*PROBLEM REQUIREMENTS:*
Go to the line containing "Entweder bearbeiten Sie" in the records below and print it and every following line exactly, on through the line containing "input partitions) |", then stop.

*SOURCE DATA:*
:::::
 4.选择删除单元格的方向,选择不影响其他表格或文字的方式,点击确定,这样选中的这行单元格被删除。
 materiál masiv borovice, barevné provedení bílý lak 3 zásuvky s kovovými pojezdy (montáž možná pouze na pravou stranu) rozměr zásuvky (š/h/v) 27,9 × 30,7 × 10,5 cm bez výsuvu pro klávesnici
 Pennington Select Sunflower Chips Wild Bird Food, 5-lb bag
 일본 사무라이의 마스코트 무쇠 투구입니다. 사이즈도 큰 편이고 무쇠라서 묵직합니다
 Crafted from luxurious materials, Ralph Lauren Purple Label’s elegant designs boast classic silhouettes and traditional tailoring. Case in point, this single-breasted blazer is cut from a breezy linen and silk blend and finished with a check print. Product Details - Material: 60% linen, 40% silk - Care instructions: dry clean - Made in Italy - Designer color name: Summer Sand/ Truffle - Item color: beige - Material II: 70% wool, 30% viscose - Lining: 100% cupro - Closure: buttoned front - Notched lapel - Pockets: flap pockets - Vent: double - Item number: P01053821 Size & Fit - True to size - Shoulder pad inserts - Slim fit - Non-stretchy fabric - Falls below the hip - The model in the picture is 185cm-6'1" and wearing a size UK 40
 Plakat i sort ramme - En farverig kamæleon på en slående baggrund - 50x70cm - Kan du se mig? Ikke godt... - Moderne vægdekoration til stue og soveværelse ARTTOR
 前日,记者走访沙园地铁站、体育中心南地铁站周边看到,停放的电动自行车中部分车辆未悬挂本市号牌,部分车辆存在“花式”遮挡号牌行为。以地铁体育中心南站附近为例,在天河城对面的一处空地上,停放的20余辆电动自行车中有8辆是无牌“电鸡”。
:::::
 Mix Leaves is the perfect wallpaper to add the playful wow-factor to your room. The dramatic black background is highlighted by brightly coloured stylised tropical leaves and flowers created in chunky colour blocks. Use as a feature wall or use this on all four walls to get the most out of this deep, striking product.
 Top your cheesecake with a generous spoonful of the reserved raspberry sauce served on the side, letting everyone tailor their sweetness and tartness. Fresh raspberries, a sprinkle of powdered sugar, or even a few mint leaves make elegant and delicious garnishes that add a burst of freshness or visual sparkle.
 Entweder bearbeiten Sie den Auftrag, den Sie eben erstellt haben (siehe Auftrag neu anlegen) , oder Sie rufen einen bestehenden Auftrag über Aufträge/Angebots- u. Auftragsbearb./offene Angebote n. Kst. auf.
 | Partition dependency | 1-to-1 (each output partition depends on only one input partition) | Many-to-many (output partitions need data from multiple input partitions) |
:::::
*TASK OUTPUT:*
 Entweder bearbeiten Sie den Auftrag, den Sie eben erstellt haben (siehe Auftrag neu anlegen) , oder Sie rufen einen bestehenden Auftrag über Aufträge/Angebots- u. Auftragsbearb./offene Angebote n. Kst. auf.
 | Partition dependency | 1-to-1 (each output partition depends on only one input partition) | Many-to-many (output partitions need data from multiple input partitions) |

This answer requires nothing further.